Черная футболка облепила стройный мускулистый торс. Джинсы промокли и выглядели не лучшим образом. Темные, взъерошенные волосы уже просохли, и теперь просто беспорядочно торчали во все стороны. Остин казался каким-то необузданным и грубым. Что лишь добавляло ему привлекательности, если такое вообще возможно. И когда он направился ко мне, татуировки изгибались и клонились с каждым шагом. Почти казалось, что Иисус на распятии дышит под футболкой.

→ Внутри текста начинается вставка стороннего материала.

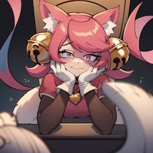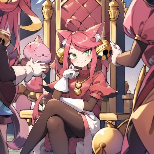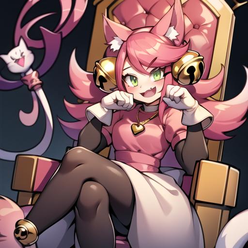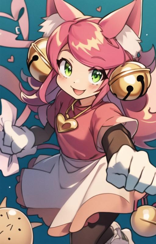 Activation is madmewmew but adding more descriptors help animal ears, cat ears, tail, pink hair, cat tail, bell, hair ornament, cat girl, gloves, jingle bell, green eyes, hair bell, long hair, ahoge, short sleeves, heart, white gloves.

Сердце билось у меня в груди, словно бабочка; кровь стремительно струилась по венам, и я почти слышала, как она ритмично пульсировала под кожей, с головы до пальцев ног. В темных глазах Остина сверкнуло нечто весьма сексуальное, и я инстинктивно обхватила себя руками, будто пытаясь отгородиться от внезапно возникшего незнакомого воздействия его внимания.
Остин остановился прямо передо мной, и лица коснулось теплое дыхание. Я уперлась взглядом в татуировку голубя на шее, пытаясь сосредоточиться на штрихах перьев на распростертых крыльях, просто чтобы успокоить бешено колотящееся сердце.
Он смахнул упавшую мне на глаза прядь волос и мягко провел пальцем по щеке к переносице. Я заметила, как Остин чуть скривил верхнюю губу, а потом ухмыльнулся.
– Дождь освободил твои веснушки, эльфенок, – хрипло проговорил он.
Внутри все сжалось при мысли о том, что надежный макияж смылся, и я, ощутив себя практически беззащитной, начала паниковать.
– Я…
Но прежде чем я успела закончить фразу, Остин склонился и нежно поцеловал меня в кончик носа, заставив замолчать. А потом скользнул губами по щеке и, добравшись до уха, прошептал:
– Они прекрасны. Мне нравится видеть тебя без макияжа. Настоящую, ту, что скрывается под броней.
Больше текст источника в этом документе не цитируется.